• What is being asked:
Return the listing verbatim, images left out.

• Given material:
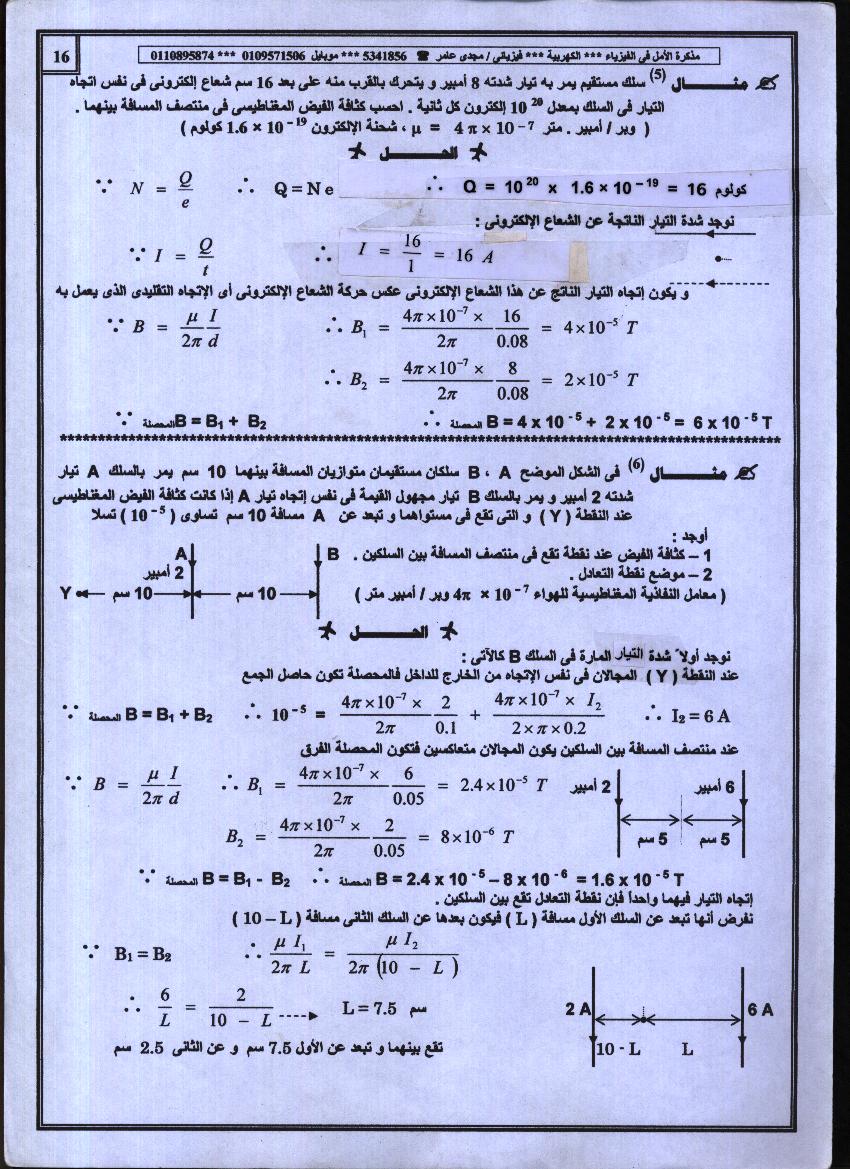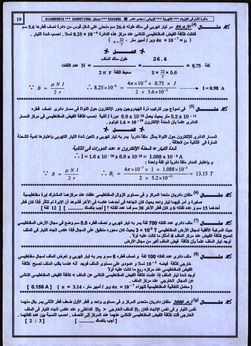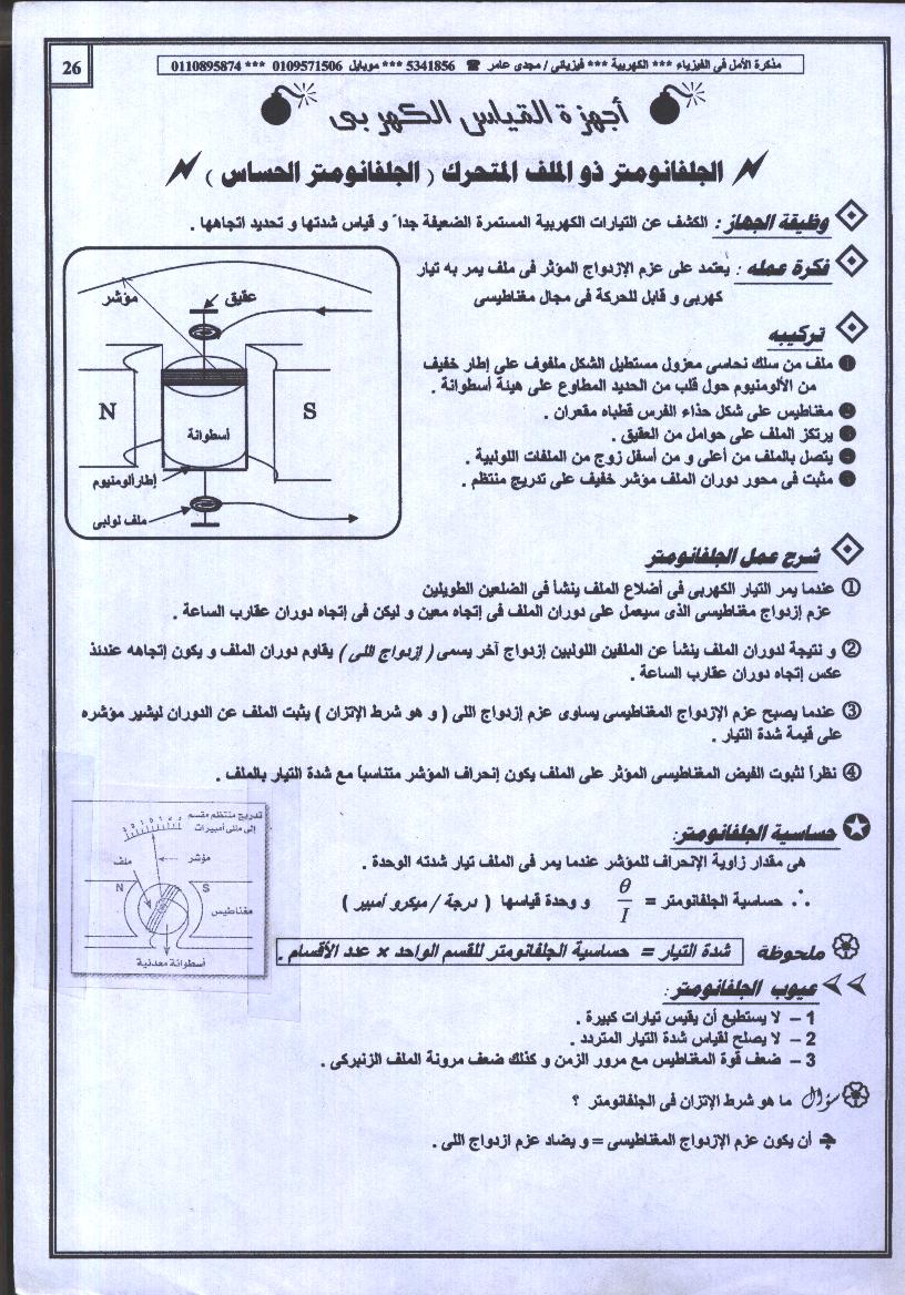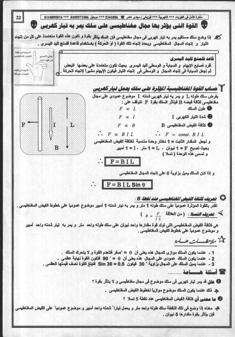 ملزمة الأمل لشرح منهج الفيزياء لثالثة ثانوى الفيزيا الكهربائيه - الثانوىة العامة - الصف الثالث الثانوى
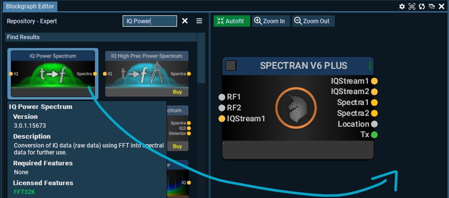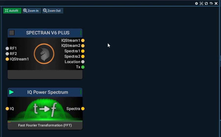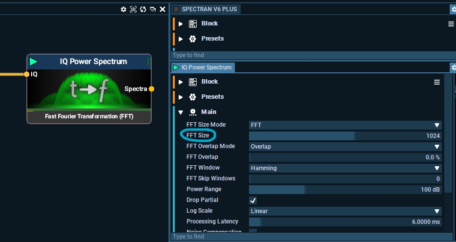 This block converts IQ data (raw real-time data) using FFT into Spectra data, the base license has a 32K FFT feature but this can be upgraded around 1M FFT.
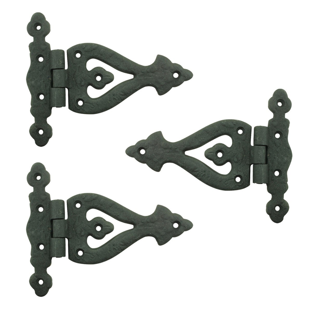 Black Wrought Iron Door Strap Hinge 3" L Victorian Eternity Rust Resistant Flush Mount Pack of 3 Renovators Supply

• Answer:
 ملزمة الأمل لشرح منهج الفيزياء لثالثة ثانوى الفيزيا الكهربائيه - الثانوىة العامة - الصف الثالث الثانوى
 This block converts IQ data (raw real-time data) using FFT into Spectra data, the base license has a 32K FFT feature but this can be upgraded around 1M FFT.
 Black Wrought Iron Door Strap Hinge 3" L Victorian Eternity Rust Resistant Flush Mount Pack of 3 Renovators Supply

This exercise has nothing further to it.